Subshell + MLX LLM-calling backends (Claude/Codex CLI, local MLX) shared across tools.

spawnllm centralizes the LLM-calling plumbing that small tools keep re-inventing: driving the claude and codex CLIs as subshells — with structured Pydantic output, model tiers, and faithful error capture — and running local Apple-Silicon MLX models with adapter fusion, prompt-cache reuse, and batched generation. Depend on it once and each tool keeps only its domain logic instead of its own copy of the backends.

Install

No install needed — run everything through uvx:

uvx spawnllm --help

uvx fetches spawnllm into a throwaway environment and runs it. To add it to a project instead:

uv add spawnllm

For the local MLX engine (Apple Silicon only), pull the extra:

uv add "spawnllm[mlx]"

Quickstart

See which backends are installed and authenticated, and which one auto-selection picks:

uvx spawnllm status
claude: ready
codex: ready
selected: claude

Make a request by passing a prompt as the argument, or piping it over stdin:

uvx spawnllm call --backend claude "What is 2+2? Reply with just the number."
4

--model small|medium|large swaps the tier, which each backend maps to a concrete model. The claude backend resolves small to Haiku, medium to Sonnet, and large to Opus. Add --agent to let the call use tools.

From Python

call_sync runs one request and returns the response. With no backend, it auto-selects the first installed, authenticated CLI (its async companion call mirrors the same signature):

from spawnllm import call_sync

print(call_sync("Reply with just the word: pong"))
# pong

Pin a backend and tier explicitly, or pass a Pydantic model to get a validated object back instead of text:

from pydantic import BaseModel

from spawnllm import call_sync, ClaudeCliBackend


class Capital(BaseModel):
    country: str
    capital: str


result = call_sync(
    "What is the capital of France?",
    backend=ClaudeCliBackend(),
    model="large",
    response_model=Capital,
)
print(result.capital)  # Paris

When you don't pin a backend, set specialty= to scope auto-selection by task. The debugging and review specialties route to Codex, and general routes to Claude.

Spec-driven runs

For full control, build a RunSpec and execute it with run_sync (or its async companion run). A RunSpec takes a literal provider model id — no tier mapping — and per-provider flag passthrough via provider_configs. The call returns a RunResult with raw stdout, stderr, and exit code, retrying transient 529/overloaded/rate-limit failures with backoff:

from spawnllm import run_sync, RunSpec, ClaudeConfig, ClaudeCliBackend

result = run_sync(
    RunSpec(
        prompt="What is 2+2? Reply with just the number.",
        model="opus",
        provider_configs={"claude": ClaudeConfig(permission_mode="bypassPermissions")},
    ),
    backend=ClaudeCliBackend(),
)
print(result.stdout)  # 4

What problems does this solve?

Every tool that shells out to claude or codex rebuilds the same plumbing: argv construction, stdin/stdout piping, stderr teeing, and turning non-zero exits into useful errors. spawnllm holds it once.
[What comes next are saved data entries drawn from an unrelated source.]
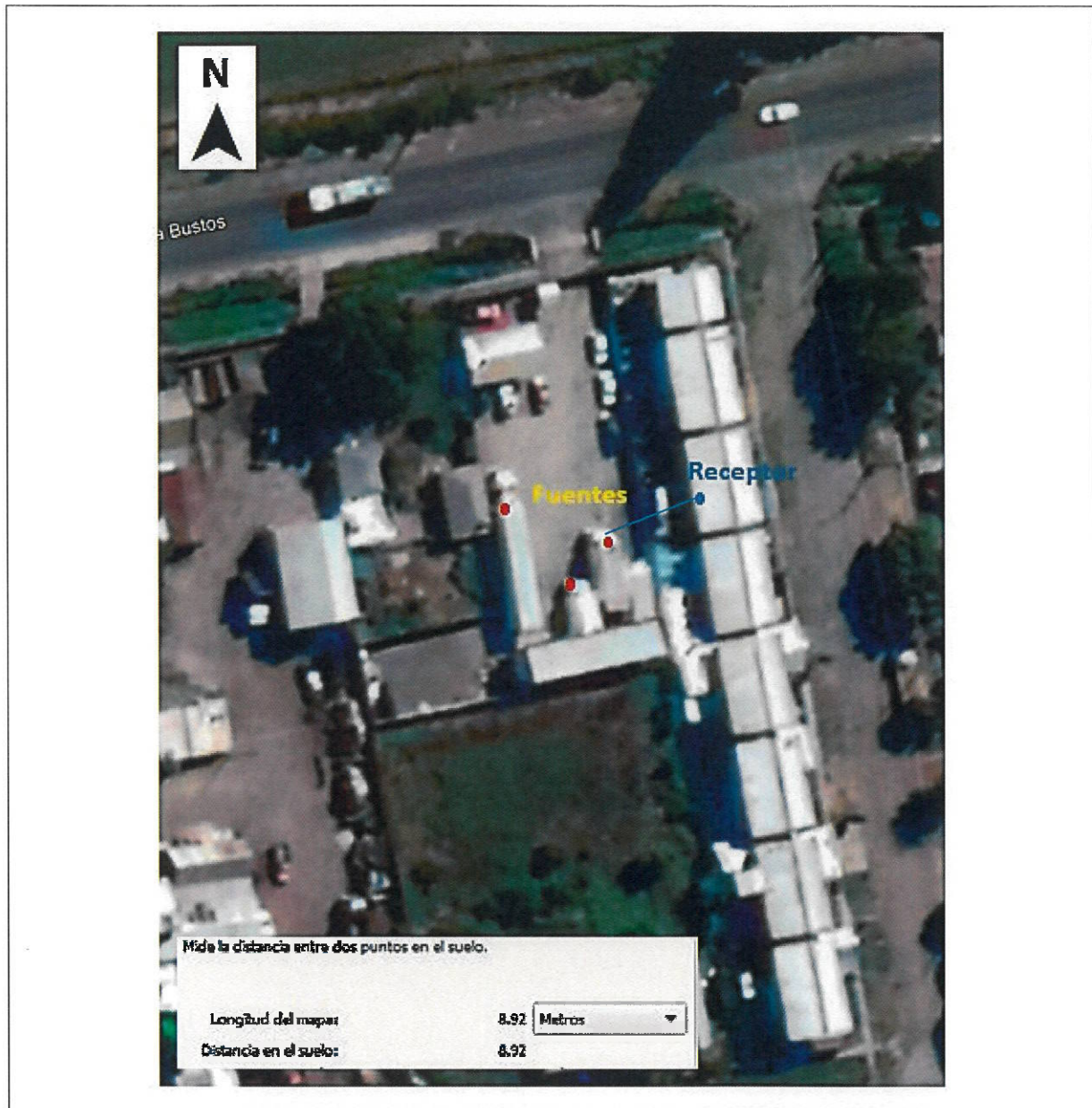
Figura 1. Ubicación fuente emisora y receptor afectado, donde la medición se realizó en el Receptor (Denuncia ID 02-XVI-2020)

La Unidad Fiscalizable antes descrita, no cuenta con Resolución de Calificación Ambiental, conforme lo dispuesto en el artículo 10 de la Ley 19.300, de Bases Generales del Medio Ambiente.
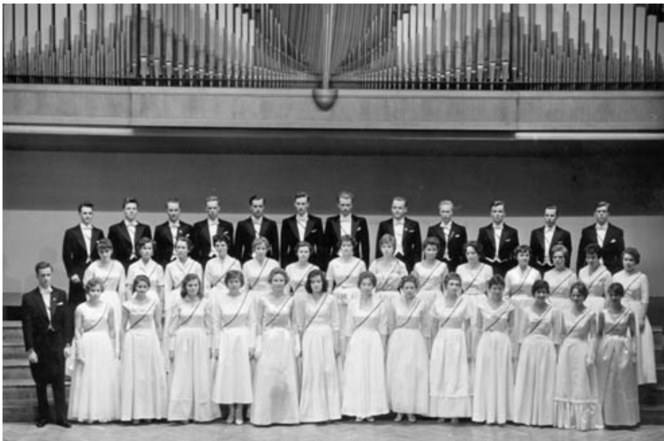
HOL 30-vuotisjuhlakonsertissaan. Perusteellisen neuvottelun jälkeen naiset olivat päätyneet pitkään kokovalkoiseen asuun.

sovinmaisempaa forte-tyylistä linjaa”. Kriitikot kiittivät laulun puhtautta, täsmällisyyttä ja notkeutta, ja vain latteita tenoreita moitittiin. Myönteisin oli Hufvudstadsbladet: Kuorolla on ollut onni saada johtaja, jolta voi odottaa parasta, jopa koko musiikkielämämme kannalta. Lассon tunnetun Echon kaikuäänet laulettiin lavalla, ei käytävällä (tuskin uskoi korviaan tai silmiään!) Jos laulajat pystyisivät oppimaan eri kielten oikeamman ääntämistavan, kannattaisi tämä kuoro lähettää ulkomaille. Mutta silloin tarvitaan lisää miesääniä!
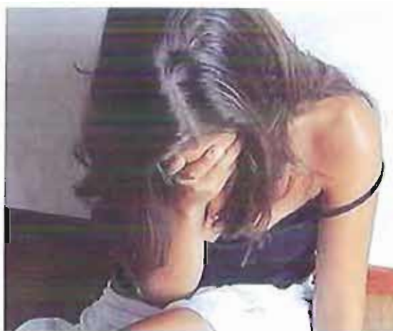
violenza sulle donne

L'iniziativa, ideata e promossa dalla rivista online "La Grande Testata", nasce come gesto d'indignazione verso i tanti episodi di violenza nei confronti delle donne. Per farlo si occupa un posto in un cinema, un teatro, un treno, sulla metro o a scuola, con un giornale, una borsa, un mazzo di chiavi, un cappello: riservare un posto ad una donna significa simbolizzare un'assenza che avrebbe dovuto essere presenza.
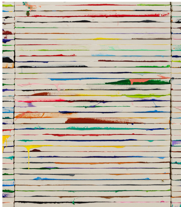
1000 Pictures (stacked paintings) (détail)
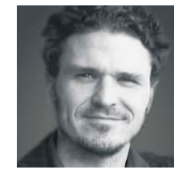
Dave Eggers is een Amerikaanse schrijver. Onlangs verscheen van hem De Cirkel , een roman over een sociaal medium dat privacy in de ban doet. © The Guardian. Dit is een ingekorte versie.

schrijvers die van communistische sympathieën worden verdacht. Prince stemt toe en trekt daardoor de aandacht van de autoriteiten.
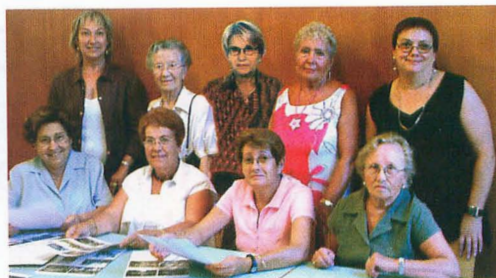
Voluntarios, jóvenes y mayores, del proyecto "Viure en temps de guerra"; Voluntarios mayores del proyecto "Viure en temps de guerra"; Mujeres voluntarias del proyecto "Treballar a la fàbrica"

parte de la línea "mejorar el aspecto diferencial del fondo".
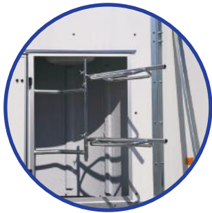
📍 große Sattelkammer mit dreh- und schwenkbaren Sattelhalter
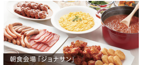
朝食会場「ジオナサン」
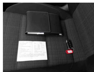
Equipment - Boardmappe/ Securitybag
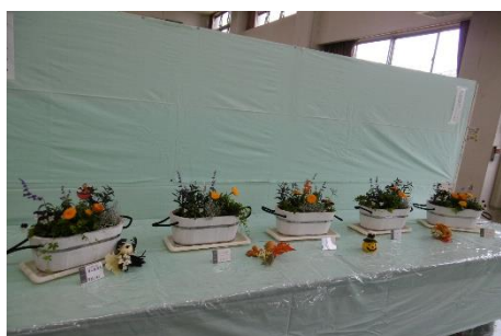
金ヶ瀬公民館「花の寄せ植え コーディネーター教室」の作品
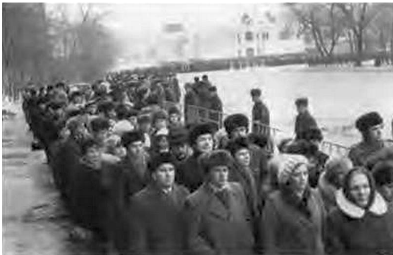
С Косыгиным страна прощалась не по разрядке.
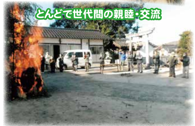
三日市二区 上組班
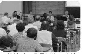
他地域の住民同士が交流
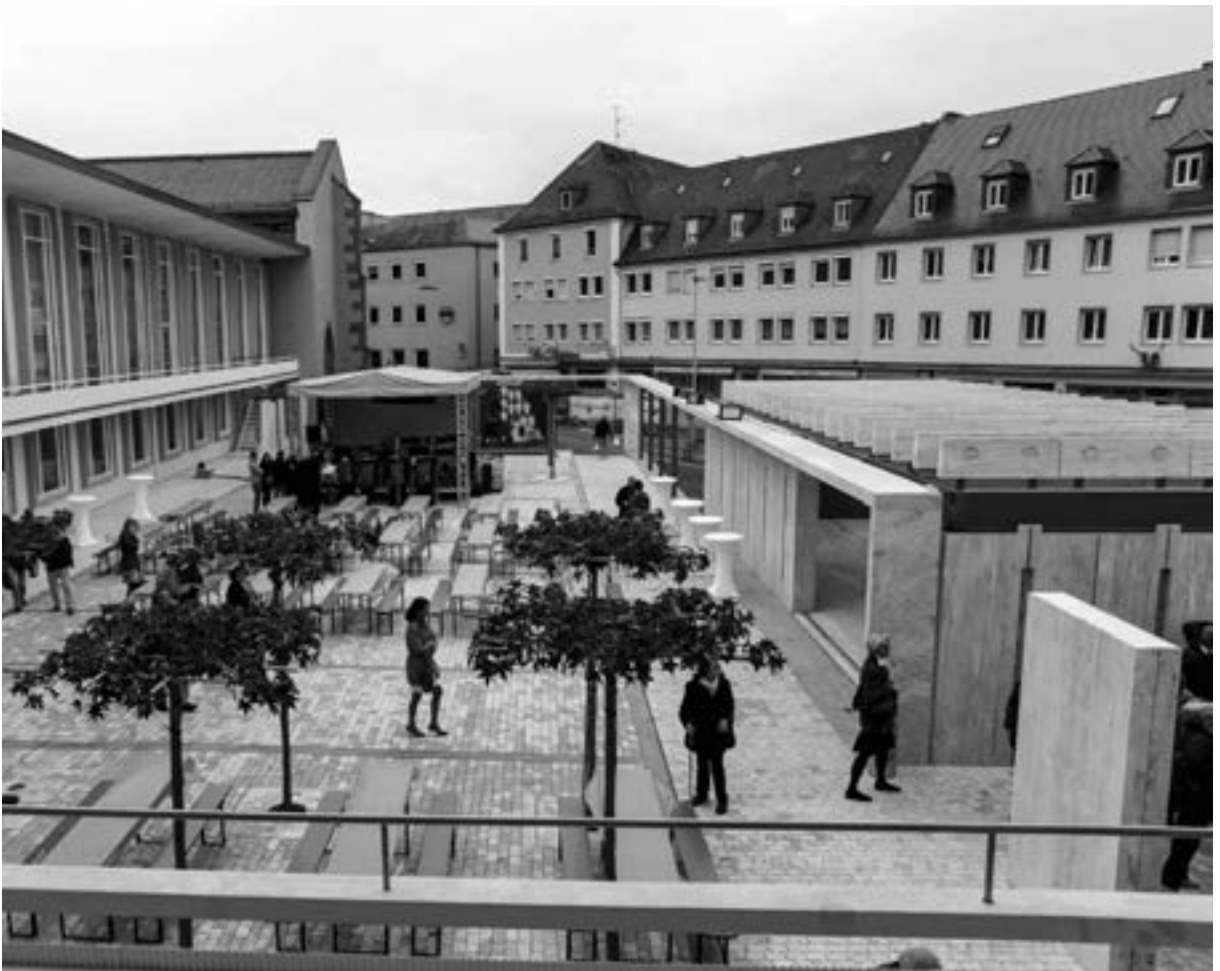
Der neue Festivitätenplatz mit vorgebautem Travertinquader(rechts)

die Anforderungen an einen Zweckbau mit dem filigranen Ästhetikverständnis der 1950er Jahre. 1995 wurde sie unter Denkmalschutz gestellt, was die Stadtobersten jedoch nicht davon abhielt, in der Folge ihren Abriß zu genehmigen. Dieses Jahr forderte eine Mehrheit der Bürger ein, daß sich die Stadt der Aufgabe der Sanierung zu stellen hat. Unterhalb der Domtürme sieht man einen Bau aus derselben Zeit mit denselben zeittypischen Merkmalen, eingebettet in ein bauliches Ensemble aus Mittelalter und Barock. Es ist nun neu gestrichen und überarbeitet und doch sich selber treu geblieben. Auf die Frage, warum sich die Kirche für den Erhalt des Bestandes entschied, antwortet Diözesanbaumeister Cesare Augusto Stefano schlicht: Das Gebäude ist ein eingetragenes Denkmal, und das bedeutet: sanieren. Nur wenige Meter voneinander entfernt, scheinen die Visionen der Hausbesitzer doch Welten zu trennen. Stefano fügt hinzu, daß auch ein Teilabriß ab-

Structured output is boilerplate too. A Pydantic model becomes a JSON-schema constraint and a parsed, validated result, identically for both CLI backends.

Local MLX is fiddly. Adapter fusion, prompt-cache reuse, worker-thread lifecycle, and batched single-token generation live behind one engine instead of in every consumer.

Behavior drift goes away with the duplication: two tools that call the same models stay byte-for-byte consistent because they share the backend layer, not a pair of diverging copies.

Docs

Read the docs for the full guide and API reference.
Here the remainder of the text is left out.